[Data provided — start]

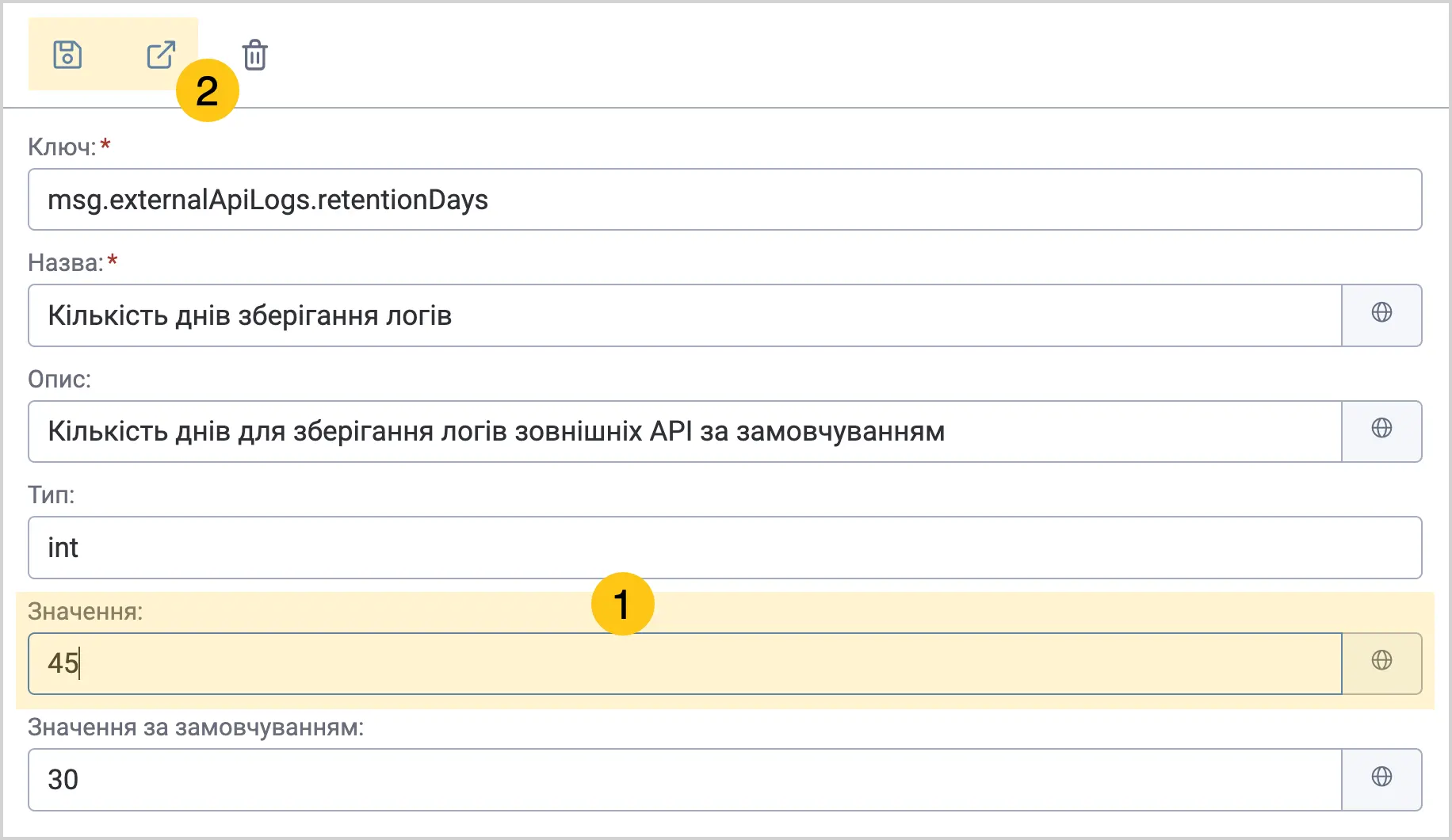 Для зміни налаштувань необхідно відкрити потрібний ключ (в полях назва та опис наведена інформація призначення ключа) та змінити значення. В разі використанні на оточені декількох локалізацій, є можливість встановити різні значення ключа налаштувань для різних локалізацій.
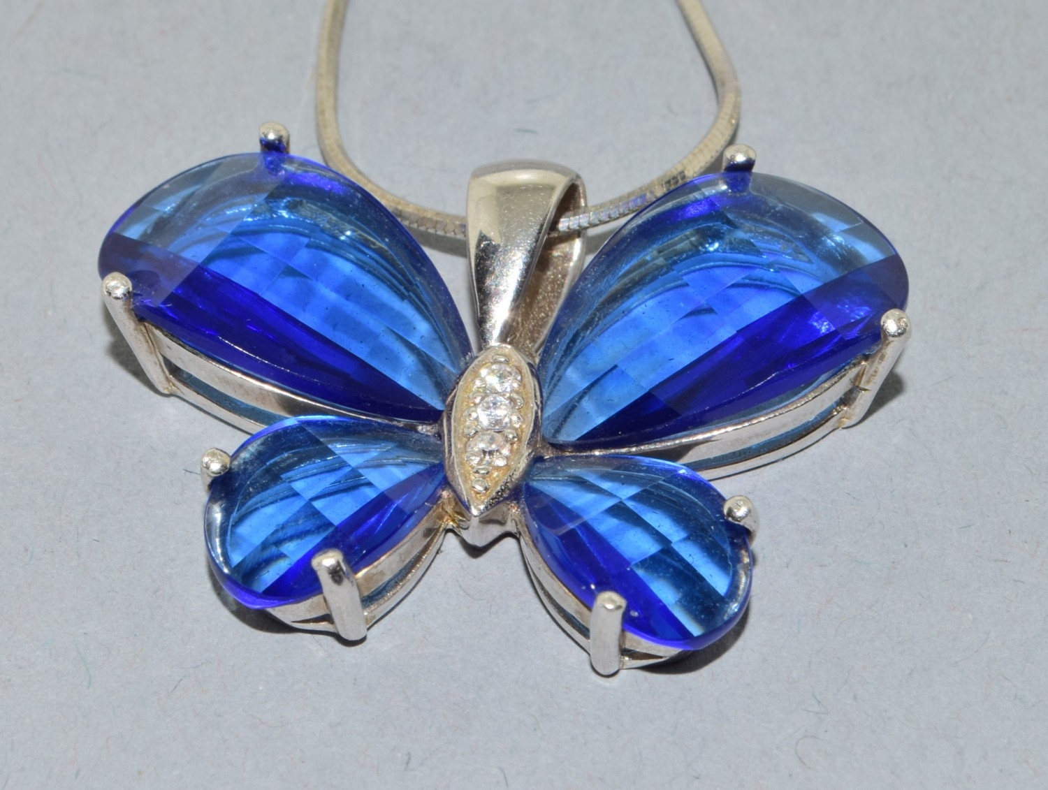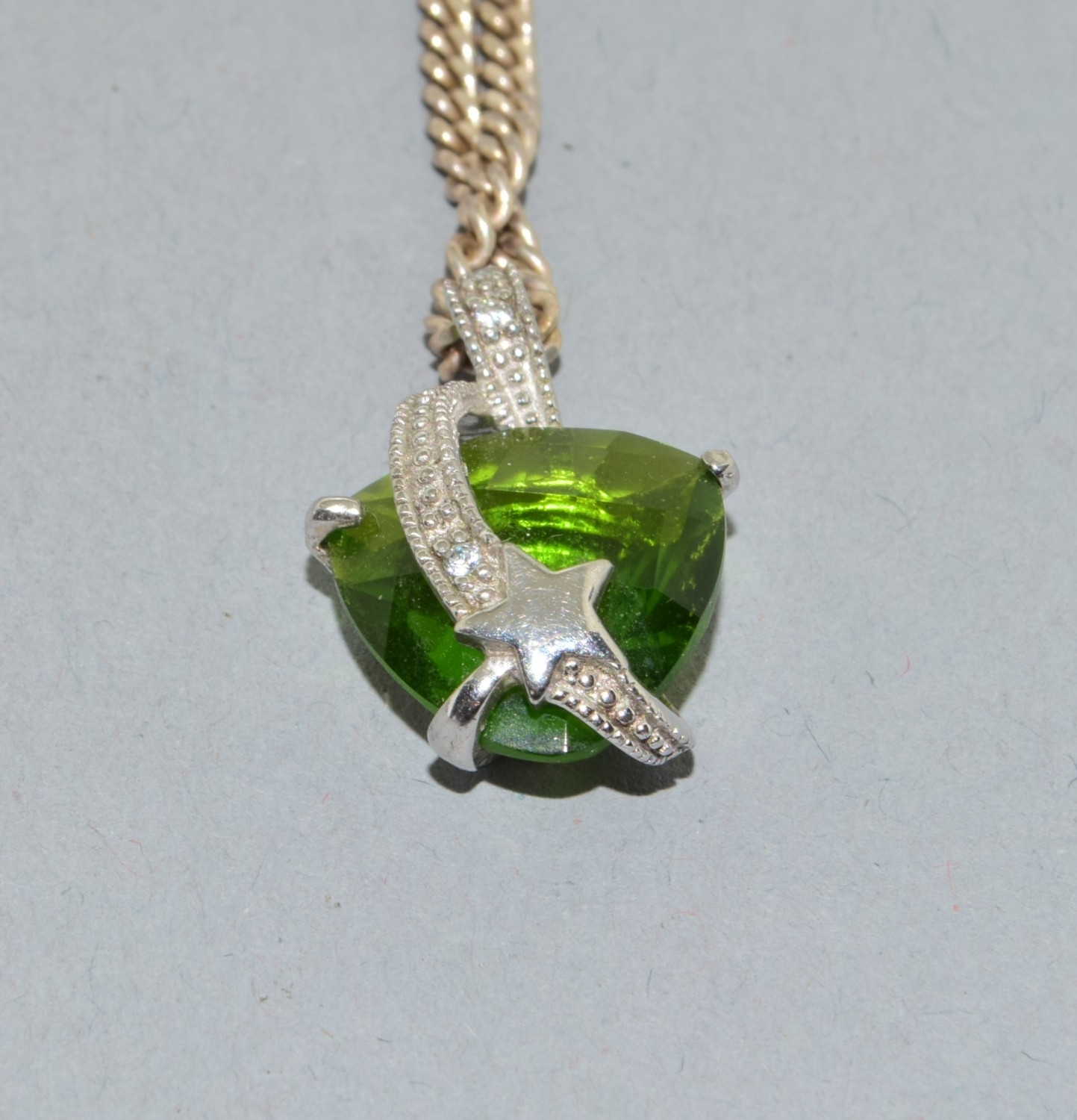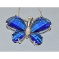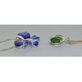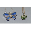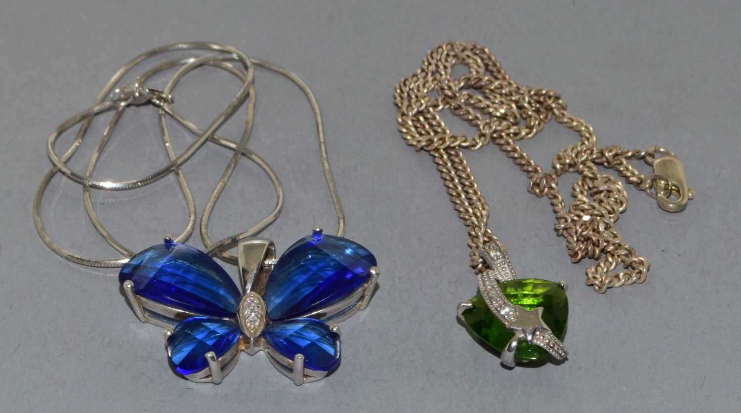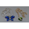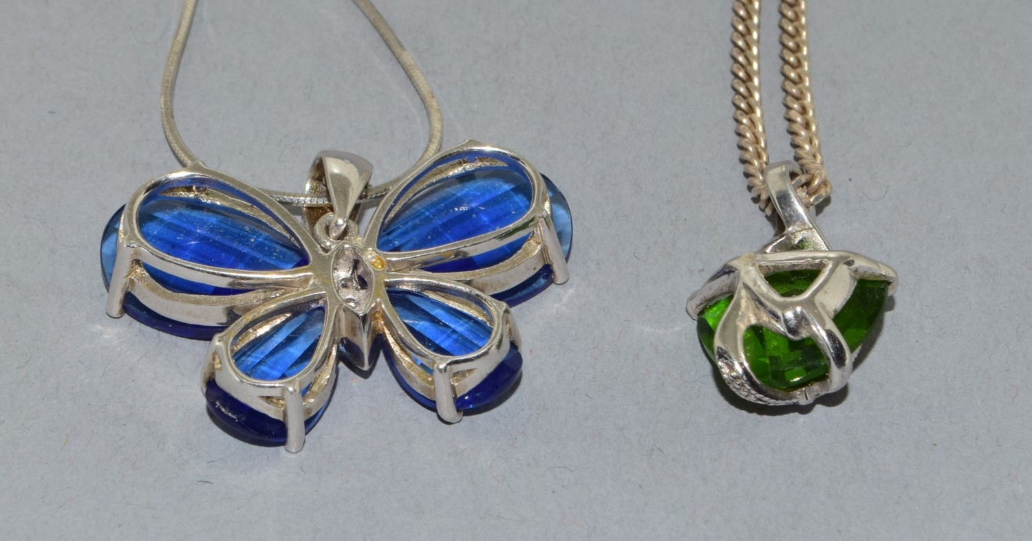 2 x 925 silver pendant necklaces a Butterfly pend and chain together with a green stone pendant and chain, chains 44cm each long
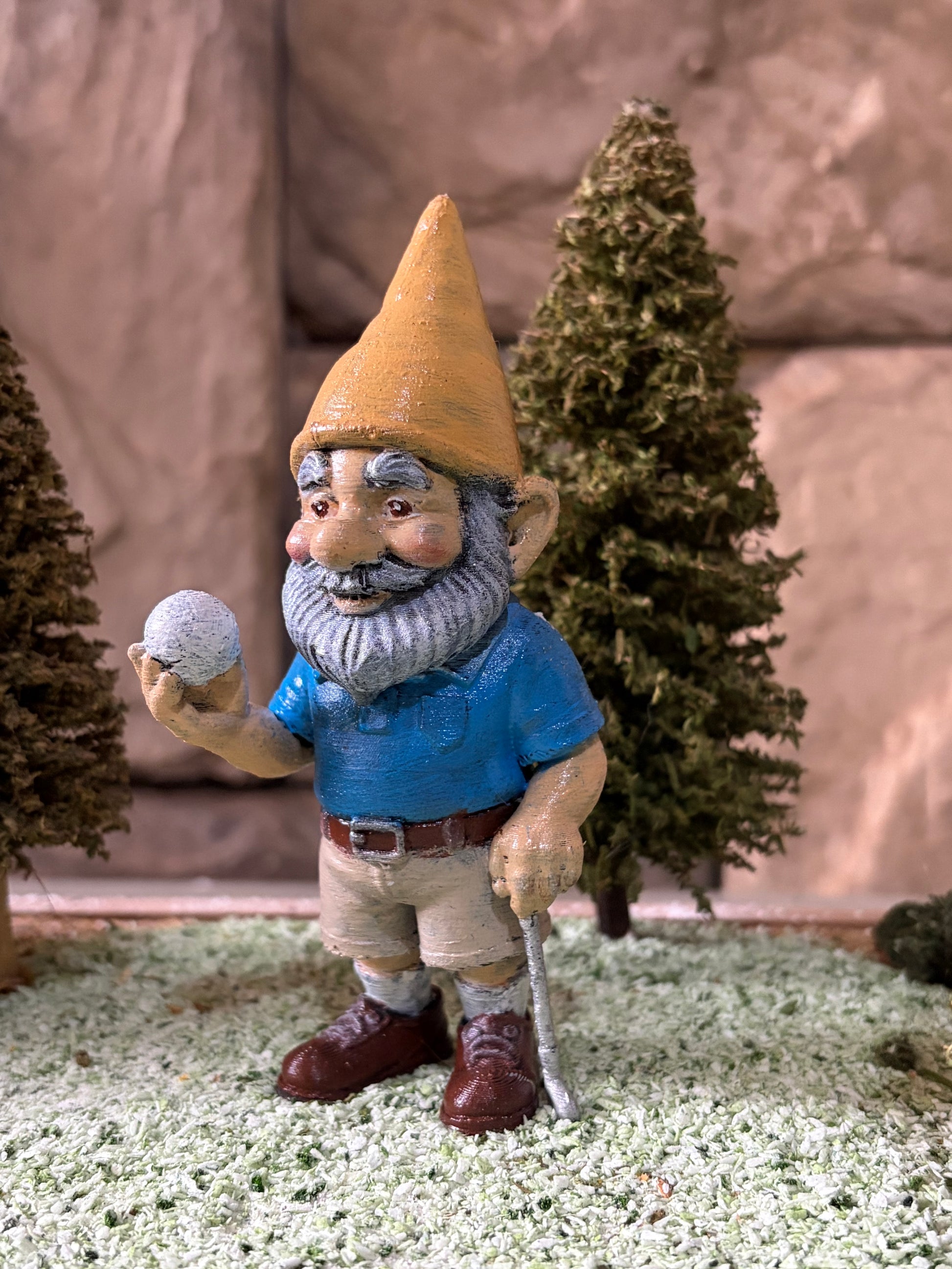 With his trusty club and an eye for perfection, this little gnome swings not for sport, but for destiny. It’s said that Birdie McBeard once drove a ball so far, it landed in the realm of the fair folk — and they still use it as a moonstone! Place him in your garden for good aim, fair weather, and a little luck on every swing.
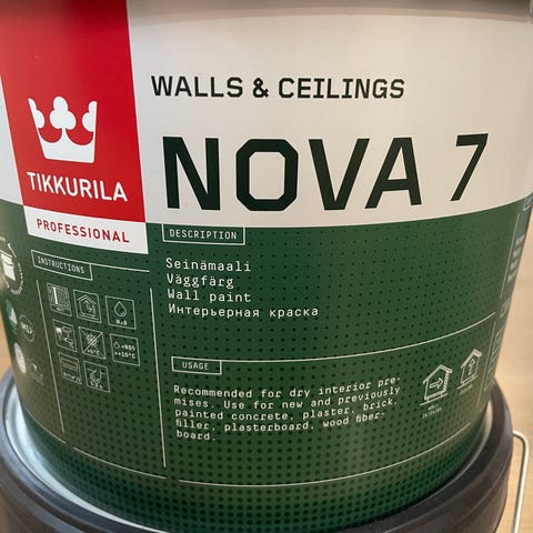 Tikkurila Nova 7 sisämaali, 10 litraa, valkoinen väri. Soveltuu seinien ja kattojen maalaukseen sisätiloissa.
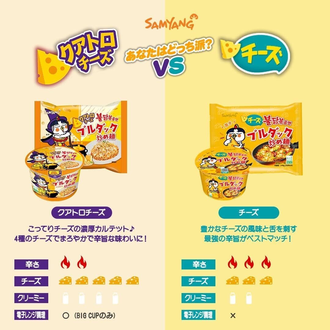 こっくりチーズの濃厚カルテット♪ 粉末に4種のチーズが20%以上含まれ、濃厚で深みのあるチーズの味わいと辛さが調和されたブルダック炒め麺クリーミーラインの一品!

[Data provided — finish]

Print each line from the one containing "2 x 925 silver" through the last line of the listing, both included, exactly and with no pictures.

Reply to the exercise –
 2 x 925 silver pendant necklaces a Butterfly pend and chain together with a green stone pendant and chain, chains 44cm each long
 With his trusty club and an eye for perfection, this little gnome swings not for sport, but for destiny. It’s said that Birdie McBeard once drove a ball so far, it landed in the realm of the fair folk — and they still use it as a moonstone! Place him in your garden for good aim, fair weather, and a little luck on every swing.
 Tikkurila Nova 7 sisämaali, 10 litraa, valkoinen väri. Soveltuu seinien ja kattojen maalaukseen sisätiloissa.
 こっくりチーズの濃厚カルテット♪ 粉末に4種のチーズが20%以上含まれ、濃厚で深みのあるチーズの味わいと辛さが調和されたブルダック炒め麺クリーミーラインの一品!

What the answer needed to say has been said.